I just wanted to thank Mummie and the other posters for this thread. Once Mummie got involved and was able to eloquently express her differing views, it resulted in some really interesting debate. My children are still very small, 3 and 16 months. But my daughter is facinated/obsessed by the notions of families. Everything is turned into a family. She also worries about many of the children in her books if they don't have mummies. She wants to know where their mummies are.
I am not sure who posted it, but this thread has got me thinking about how I can introduce to her the notion of familes with two mummies, or two daddies. Doing this, for me, isn't about sex education. It is about understanding from the beginning that there are ways that people live which aren't the same as her life, and those are just as normal as what is normal for her.
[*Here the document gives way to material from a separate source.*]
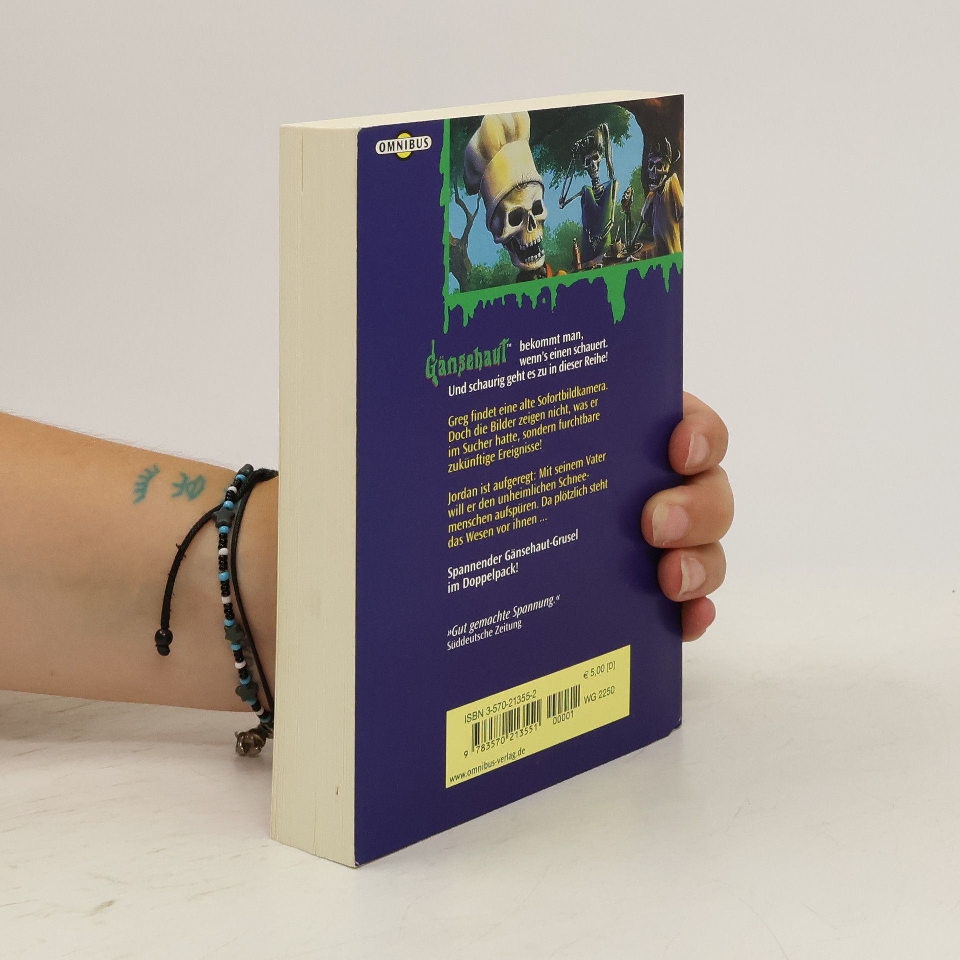 Enthält die Gänsehaut-Einzelbände 'Die unheimliche Kamera' (Band 15) und '… der Schneemensch geht um' (Band 16) 'Die unheimliche Kamera' Eine Kamera mit unheimlichen Kräften bringt Greg in tödliche Gefahr. Beim heimlichen Stöbern in einem unbewohnten Haus findet Greg eine Sofortbildkamera. Doch seltsamer Weise bilden die Photos nicht das ab, was er sah, als er den Auslöser drückte. Sein Entsetzten wächst, als die auf den Photos dargestellten Situationen auf gespenstische Weise Wirklichkeit werden. Ist da Magie im Spiel? '… der Schneemensch geht um' Jordan und seine Schwester Nicole haben das sonnige Wetter in Kalifornien satt! Einmal im Leben wollen sie Schnee sehen! Als ihr Vater nach Alaska aufbricht, um den geheimnisvollen Schneemenschen zu suchen, dürfen die beiden ihn begleiten. Bald werden aus den Jägern Gejagte…

Personally, even if it is labelled sex education, my opinion is that for most of junior school the point of it is broadening childrens understanding of how the world works, and so that even if it is something that they have not personally come into contact with, they can understand how it works and accept it.
I think that the aim of introducing children to experiences and situations beyond their own experience at a very early age is so that they understand that all variations on families and relationships are fine.
With regards to 10 year olds, I don't think that all 10 year olds will be ready for sex education, but I'm sure there are some that are. Those that aren't may be even more worried by the uninformed information of those that are, than by some sensitively given fact. So I'd say that 10 isn't too young. For explaining some of the differences in relationship types, I'd say it is too old.